Abstract

The strain CC-2359 of the unicellular eukaryotic alga Chlamydomonas reinhardtii originally described as a low pigmentation mutant is found to be devoid of photophobic stop responses to photostimuli over a wide range of light intensities. Photophobic responses of the mutant are restored by exogenous addition of all-trans retinal. We have combined computer-based cell-tracking and motion analysis with retinal isomer and retinal analog reconstitution of CC-2359 to investigate properties of the photophobic response receptor. Most rapid and most complete reconstitution is obtained with all-trans retinal compared to 13-cis, 11-cis, and 9-cis retinal.
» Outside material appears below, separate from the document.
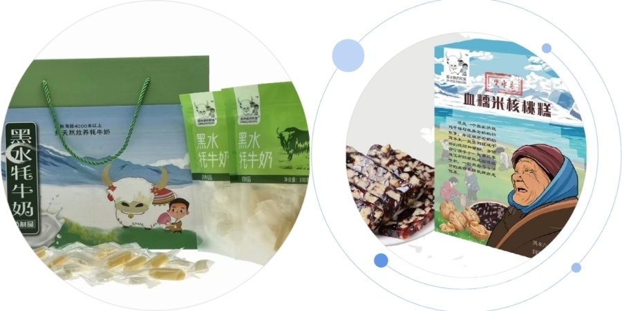 有了加工企業(yè)的支持,楊斐開始著手打造“阿斐牌”黑水牦牛奶條奶片和“阿斐牌”血糯米核桃糕。他發(fā)揮自己的設計專長,為這些產(chǎn)品打造了獨特的品牌形象。同時,他還聯(lián)系了東西部對口援建黑水的國企,爭取到了后續(xù)的產(chǎn)業(yè)投入。

An analog locked by a carbon bridge in a 6-s-trans conformation reconstitutes whereas the corresponding 6-s-cis locked analog does not. Retinal analogs prevented from isomerization around the 13-14 double bond by a five-membered ring in the polyene chain (locked in either the 13-trans or 13-cis configuration) do not restore the response, but enter the chromophore binding pocket as evidenced by their inhibition of all-trans retinal regeneration of the response. Results of competition experiments between all-trans and each of the 13-locked analogs fit a model in which each chromophore exhibits reversible binding to the photoreceptor apoprotein. A competitive inhibition scheme closely fits the data and permits calculation of apparent dissociation constants for the in vivo reconstitution process of 2.5 x 10(-11) M, 5.2 x 10(-10) M, and 5.4 x 10(-9) M, for all-trans, 13-trans-locked and 13-cis-locked analogs, respectively. The chromophore requirement for the trans configuration and 6-s-trans conformation, and the lack of signaling function from analogs locked at the 13 position, are characteristic of archaebacterial rhodopsins, rather than the previously studied eukaryotic rhodopsins (i.e., visual pigments).